Dataset content →
------------------------
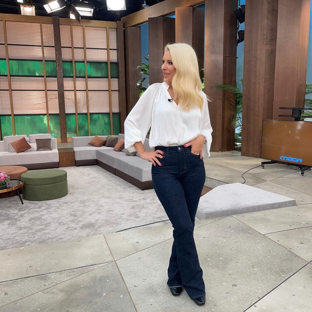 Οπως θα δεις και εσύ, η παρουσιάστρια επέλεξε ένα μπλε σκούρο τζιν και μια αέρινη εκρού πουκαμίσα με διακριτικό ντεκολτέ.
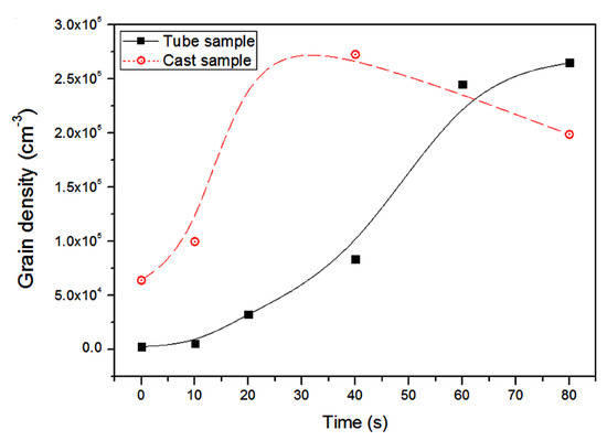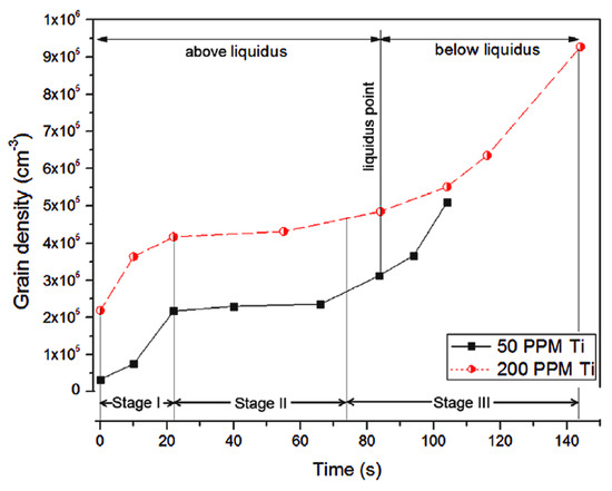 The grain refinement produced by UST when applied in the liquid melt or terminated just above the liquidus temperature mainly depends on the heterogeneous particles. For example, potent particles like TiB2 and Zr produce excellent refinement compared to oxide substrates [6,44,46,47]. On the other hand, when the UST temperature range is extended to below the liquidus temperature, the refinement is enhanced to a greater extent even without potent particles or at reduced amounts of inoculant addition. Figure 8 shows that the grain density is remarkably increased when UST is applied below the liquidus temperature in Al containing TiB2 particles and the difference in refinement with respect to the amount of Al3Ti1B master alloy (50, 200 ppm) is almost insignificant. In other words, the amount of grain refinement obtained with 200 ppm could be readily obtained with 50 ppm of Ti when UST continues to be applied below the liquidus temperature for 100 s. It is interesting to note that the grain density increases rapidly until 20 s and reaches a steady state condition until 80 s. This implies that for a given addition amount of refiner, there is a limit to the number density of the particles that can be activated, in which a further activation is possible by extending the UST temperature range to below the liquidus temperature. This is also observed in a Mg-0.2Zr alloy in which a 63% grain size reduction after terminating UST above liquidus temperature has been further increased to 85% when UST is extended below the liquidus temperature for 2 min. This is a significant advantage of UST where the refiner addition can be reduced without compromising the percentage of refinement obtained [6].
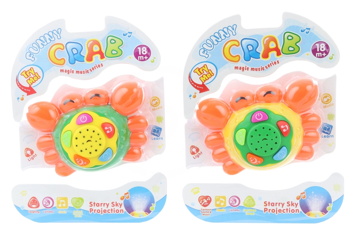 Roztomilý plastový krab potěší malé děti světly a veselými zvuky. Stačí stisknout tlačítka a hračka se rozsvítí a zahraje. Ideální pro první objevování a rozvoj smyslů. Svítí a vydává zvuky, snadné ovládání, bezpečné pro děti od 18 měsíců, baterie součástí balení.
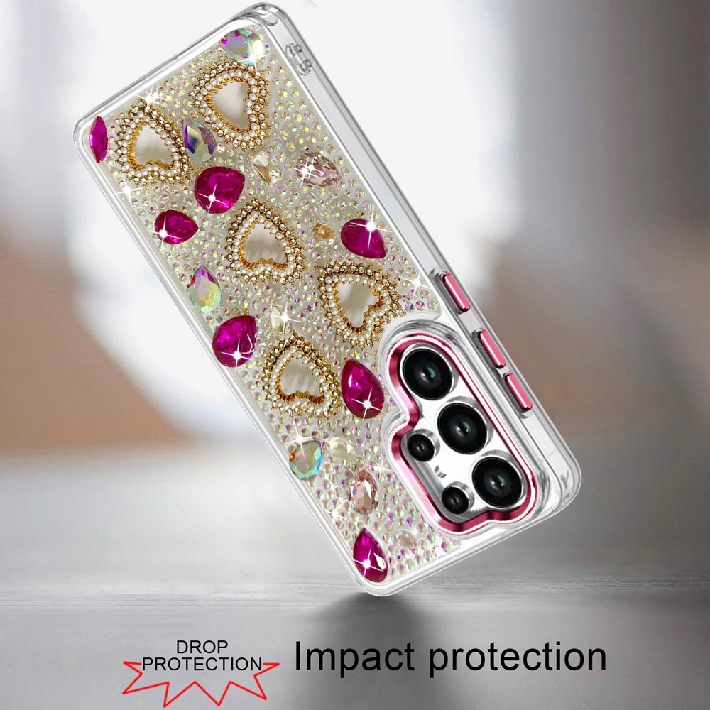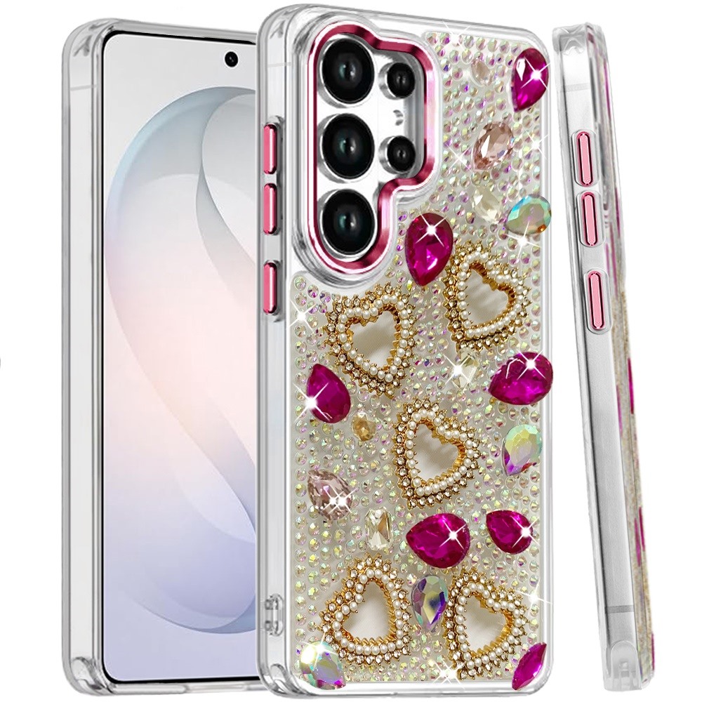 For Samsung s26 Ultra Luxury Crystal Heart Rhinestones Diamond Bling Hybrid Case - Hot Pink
------------------------
Description of the task → When you repeat the listing, keep it exact and leave the pictures behind.

Exercise response →
 Οπως θα δεις και εσύ, η παρουσιάστρια επέλεξε ένα μπλε σκούρο τζιν και μια αέρινη εκρού πουκαμίσα με διακριτικό ντεκολτέ.
 The grain refinement produced by UST when applied in the liquid melt or terminated just above the liquidus temperature mainly depends on the heterogeneous particles. For example, potent particles like TiB2 and Zr produce excellent refinement compared to oxide substrates [6,44,46,47]. On the other hand, when the UST temperature range is extended to below the liquidus temperature, the refinement is enhanced to a greater extent even without potent particles or at reduced amounts of inoculant addition. Figure 8 shows that the grain density is remarkably increased when UST is applied below the liquidus temperature in Al containing TiB2 particles and the difference in refinement with respect to the amount of Al3Ti1B master alloy (50, 200 ppm) is almost insignificant. In other words, the amount of grain refinement obtained with 200 ppm could be readily obtained with 50 ppm of Ti when UST continues to be applied below the liquidus temperature for 100 s. It is interesting to note that the grain density increases rapidly until 20 s and reaches a steady state condition until 80 s. This implies that for a given addition amount of refiner, there is a limit to the number density of the particles that can be activated, in which a further activation is possible by extending the UST temperature range to below the liquidus temperature. This is also observed in a Mg-0.2Zr alloy in which a 63% grain size reduction after terminating UST above liquidus temperature has been further increased to 85% when UST is extended below the liquidus temperature for 2 min. This is a significant advantage of UST where the refiner addition can be reduced without compromising the percentage of refinement obtained [6].
 Roztomilý plastový krab potěší malé děti světly a veselými zvuky. Stačí stisknout tlačítka a hračka se rozsvítí a zahraje. Ideální pro první objevování a rozvoj smyslů. Svítí a vydává zvuky, snadné ovládání, bezpečné pro děti od 18 měsíců, baterie součástí balení.
 For Samsung s26 Ultra Luxury Crystal Heart Rhinestones Diamond Bling Hybrid Case - Hot Pink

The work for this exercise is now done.